START Supplied records

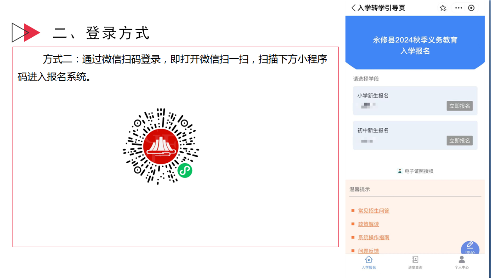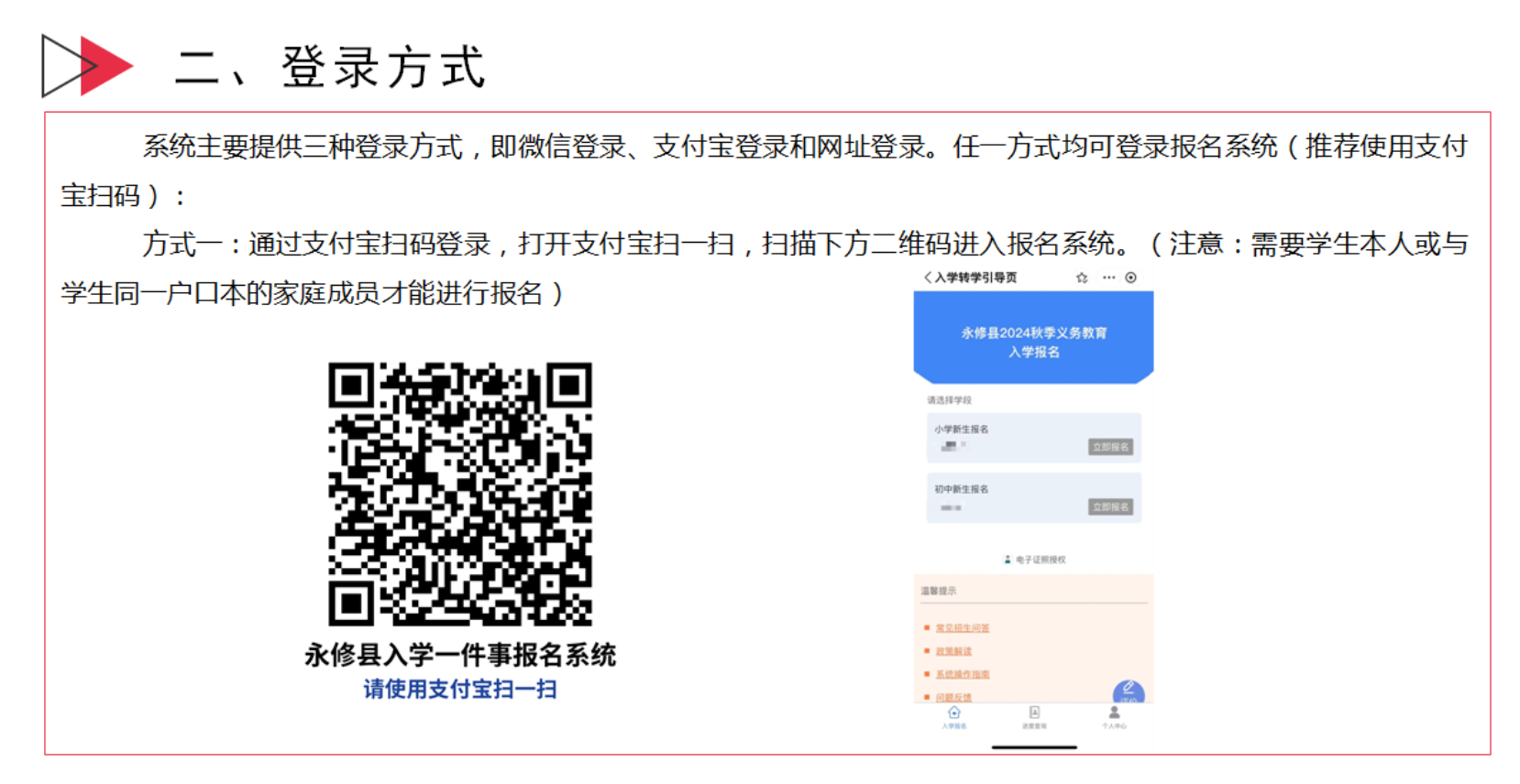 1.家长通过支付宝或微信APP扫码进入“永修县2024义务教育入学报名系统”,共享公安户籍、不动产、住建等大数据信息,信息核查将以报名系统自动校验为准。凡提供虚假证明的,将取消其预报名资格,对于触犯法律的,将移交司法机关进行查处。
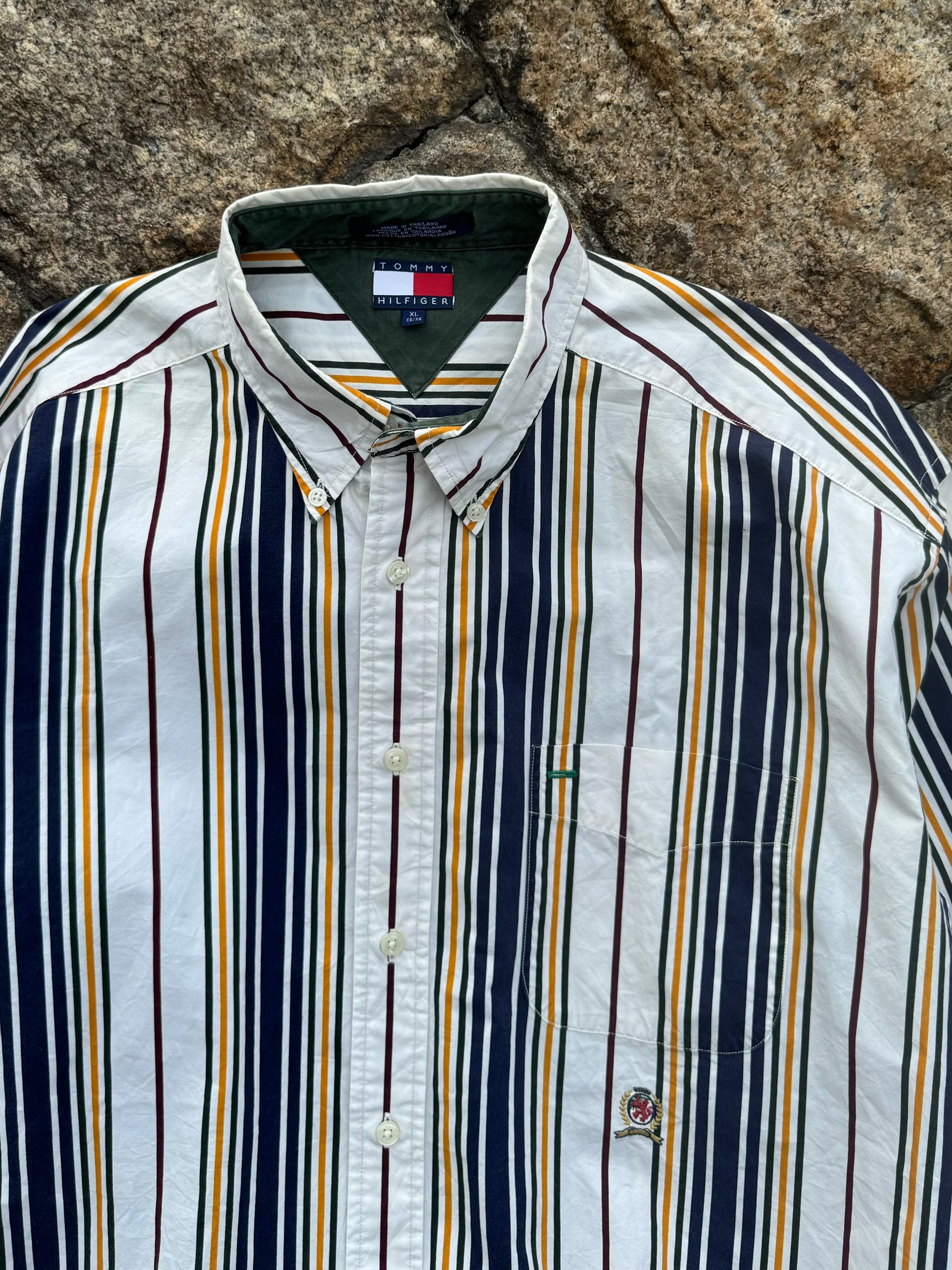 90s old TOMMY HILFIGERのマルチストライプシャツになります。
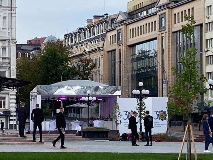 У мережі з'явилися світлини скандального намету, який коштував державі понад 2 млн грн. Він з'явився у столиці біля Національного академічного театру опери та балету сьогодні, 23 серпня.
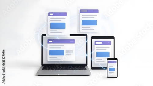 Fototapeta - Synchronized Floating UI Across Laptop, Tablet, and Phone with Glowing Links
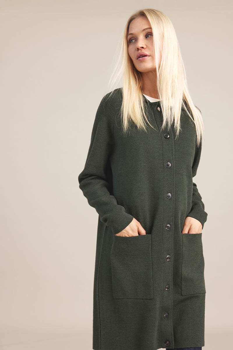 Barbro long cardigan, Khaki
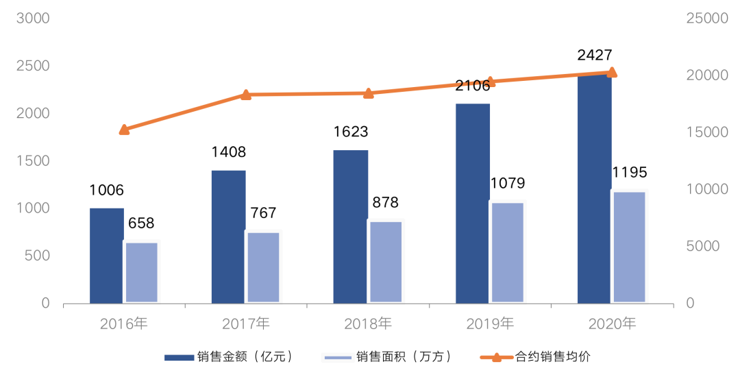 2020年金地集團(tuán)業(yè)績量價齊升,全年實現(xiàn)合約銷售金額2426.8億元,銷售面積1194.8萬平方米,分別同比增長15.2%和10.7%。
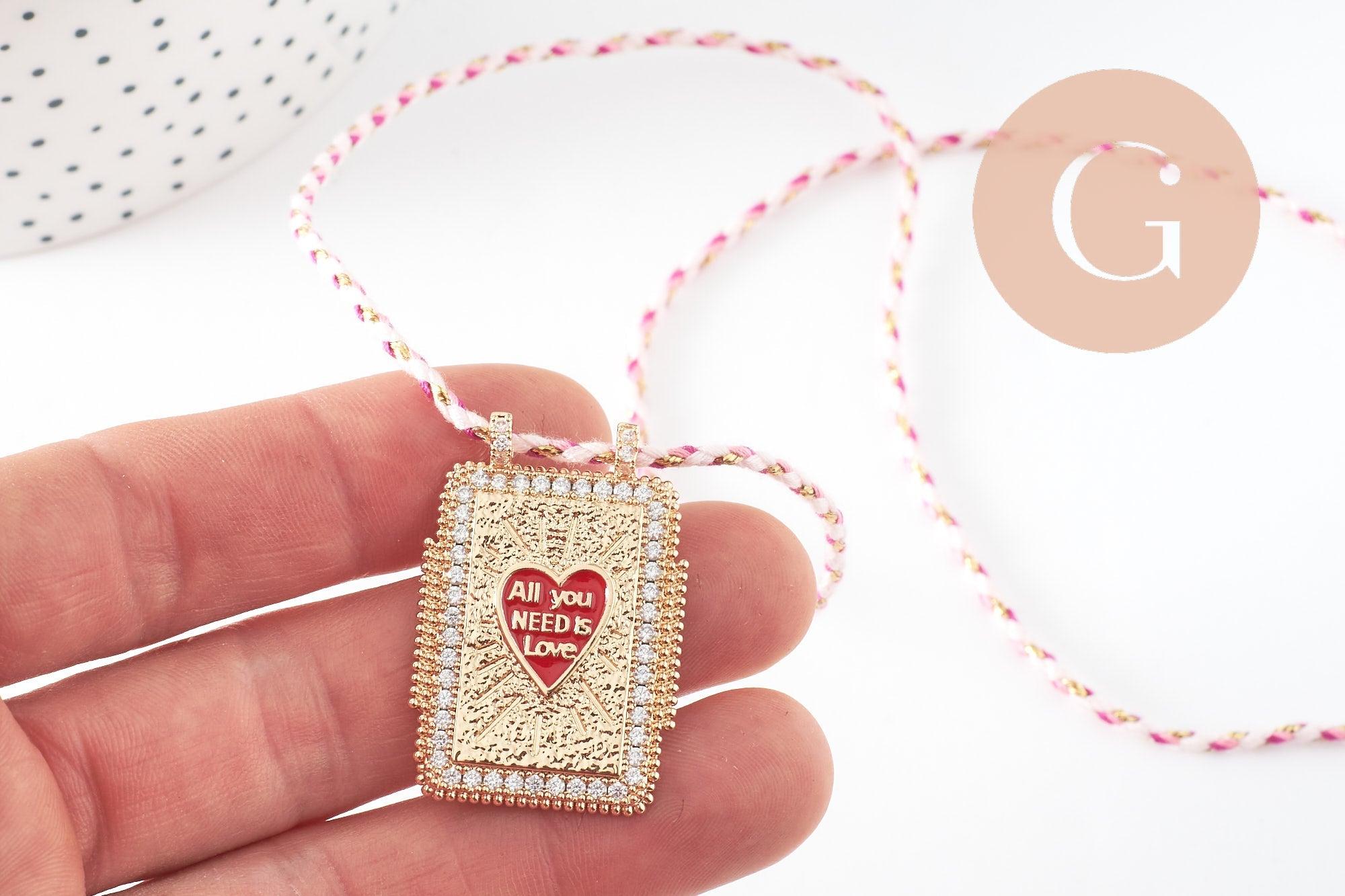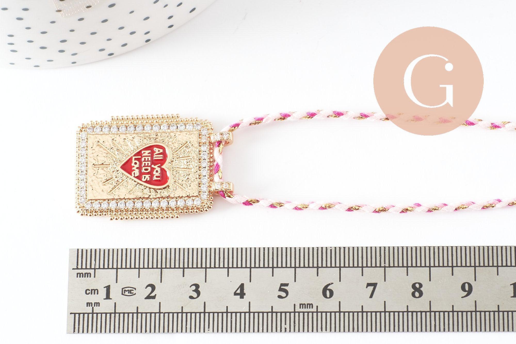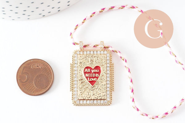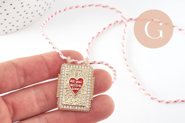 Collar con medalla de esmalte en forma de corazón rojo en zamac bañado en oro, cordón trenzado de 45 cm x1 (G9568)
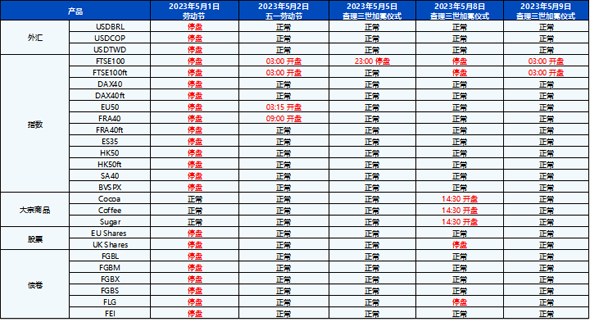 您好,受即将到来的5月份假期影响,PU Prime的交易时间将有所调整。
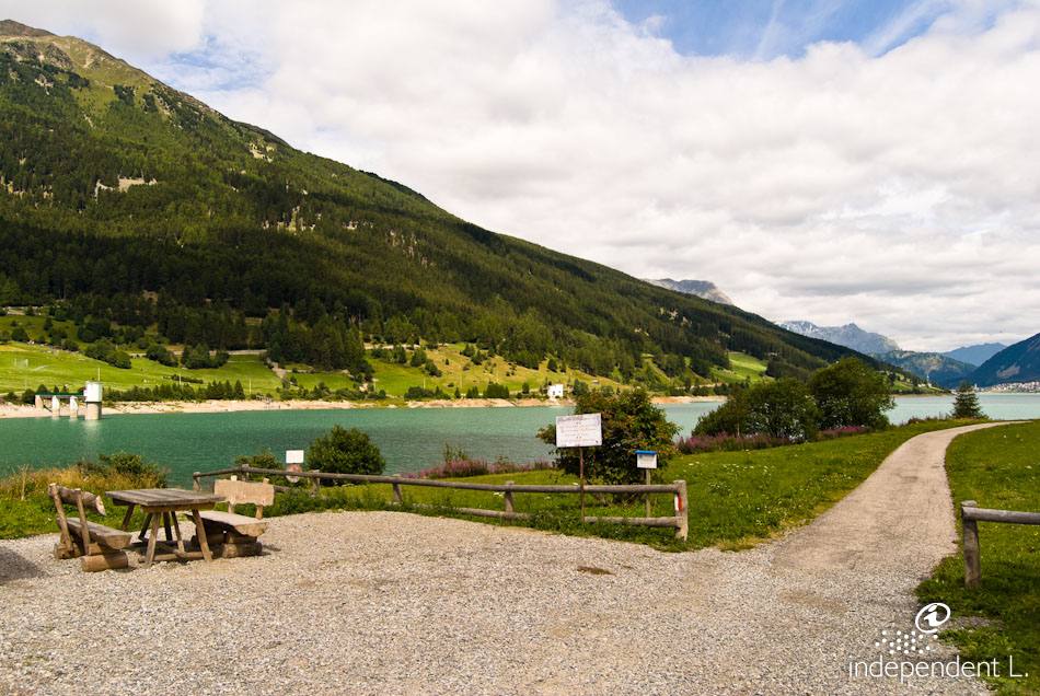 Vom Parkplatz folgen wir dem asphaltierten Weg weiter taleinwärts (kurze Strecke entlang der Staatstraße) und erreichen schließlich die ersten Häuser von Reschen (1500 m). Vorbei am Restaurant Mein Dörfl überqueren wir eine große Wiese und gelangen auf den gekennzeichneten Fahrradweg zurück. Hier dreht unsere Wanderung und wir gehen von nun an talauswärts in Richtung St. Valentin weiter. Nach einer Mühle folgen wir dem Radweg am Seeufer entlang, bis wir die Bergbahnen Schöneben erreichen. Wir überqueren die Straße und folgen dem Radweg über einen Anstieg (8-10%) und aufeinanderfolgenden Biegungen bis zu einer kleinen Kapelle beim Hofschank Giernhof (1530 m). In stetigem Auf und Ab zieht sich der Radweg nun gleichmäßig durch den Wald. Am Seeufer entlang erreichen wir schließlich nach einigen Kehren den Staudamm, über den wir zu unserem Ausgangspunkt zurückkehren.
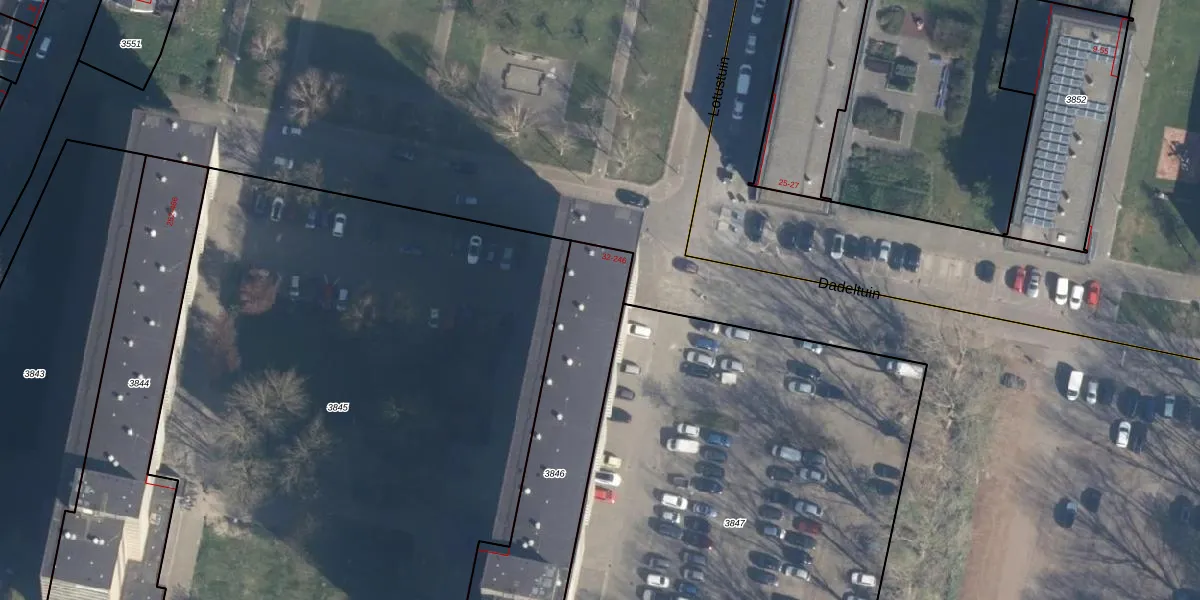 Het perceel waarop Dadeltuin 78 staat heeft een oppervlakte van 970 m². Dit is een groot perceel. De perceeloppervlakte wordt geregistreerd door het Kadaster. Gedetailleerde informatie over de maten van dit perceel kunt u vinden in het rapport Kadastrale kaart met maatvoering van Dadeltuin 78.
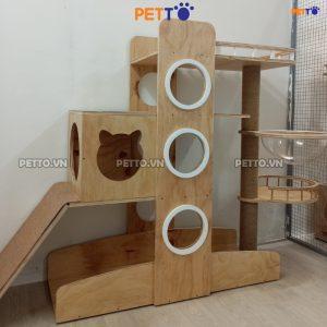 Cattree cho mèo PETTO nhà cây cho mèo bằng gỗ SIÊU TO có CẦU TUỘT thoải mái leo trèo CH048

END Supplied records

• [Problem statement] Starting at the line with "90s old TOMMY HILFIGERのマルチストライプシャツになります。" and finishing at the line with "您好,受即将到来的5月份假期影响,PU Prime的交易时间将有所调整。", copy the material above exactly, both lines included. Nothing else goes in, and no pictures.

• [Result of this task]
 90s old TOMMY HILFIGERのマルチストライプシャツになります。
 У мережі з'явилися світлини скандального намету, який коштував державі понад 2 млн грн. Він з'явився у столиці біля Національного академічного театру опери та балету сьогодні, 23 серпня.
 Fototapeta - Synchronized Floating UI Across Laptop, Tablet, and Phone with Glowing Links
 Barbro long cardigan, Khaki
 2020年金地集團(tuán)業(yè)績量價齊升,全年實現(xiàn)合約銷售金額2426.8億元,銷售面積1194.8萬平方米,分別同比增長15.2%和10.7%。
 Collar con medalla de esmalte en forma de corazón rojo en zamac bañado en oro, cordón trenzado de 45 cm x1 (G9568)
 您好,受即将到来的5月份假期影响,PU Prime的交易时间将有所调整。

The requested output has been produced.